* **Your instructions**:
Print all of the data below exactly as it appears, leaving out every image.
** Recorded data follows **
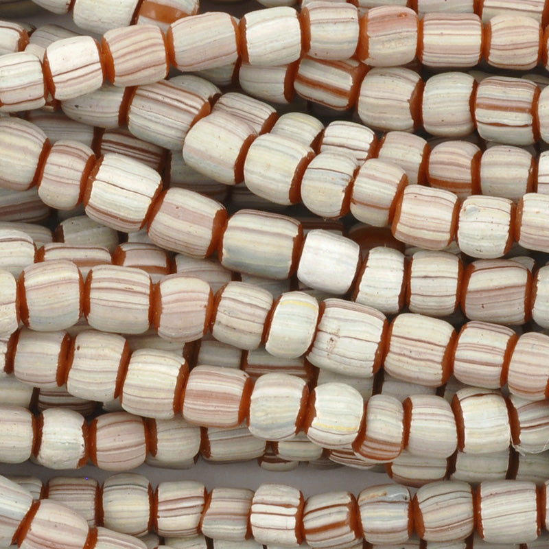 African Trade Bead glass seed bead reproductions from Indonesia. The beads are slightly graduated in size and shape.
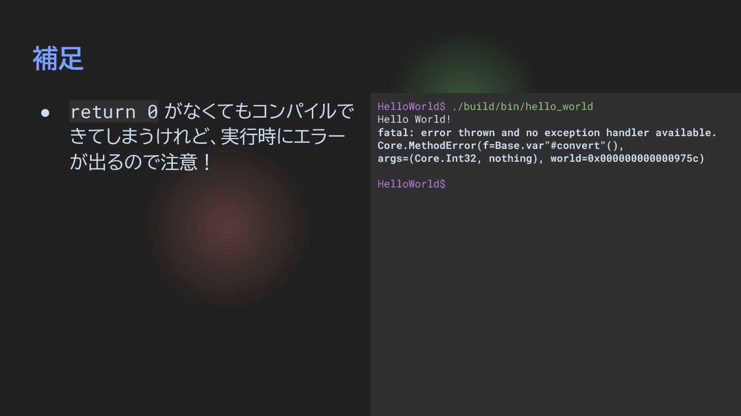 補足 • return 0 がなくてもコンパイルで きてしまうけれど、実行時にエラー が出るので注意! HelloWorld$ ./build/bin/hello_world Hello
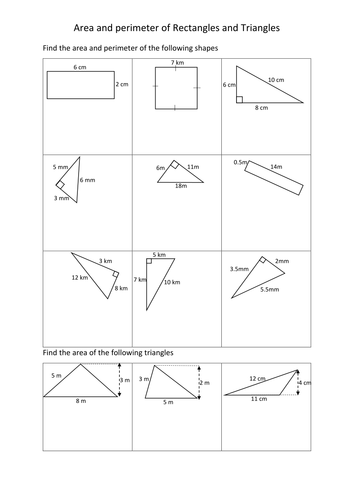 Area And Perimeter Of Rectangles And Triangles Worksheets
** End of Recorded data **
* **Answer box**:
 African Trade Bead glass seed bead reproductions from Indonesia. The beads are slightly graduated in size and shape.
 補足 • return 0 がなくてもコンパイルで きてしまうけれど、実行時にエラー が出るので注意! HelloWorld$ ./build/bin/hello_world Hello
 Area And Perimeter Of Rectangles And Triangles Worksheets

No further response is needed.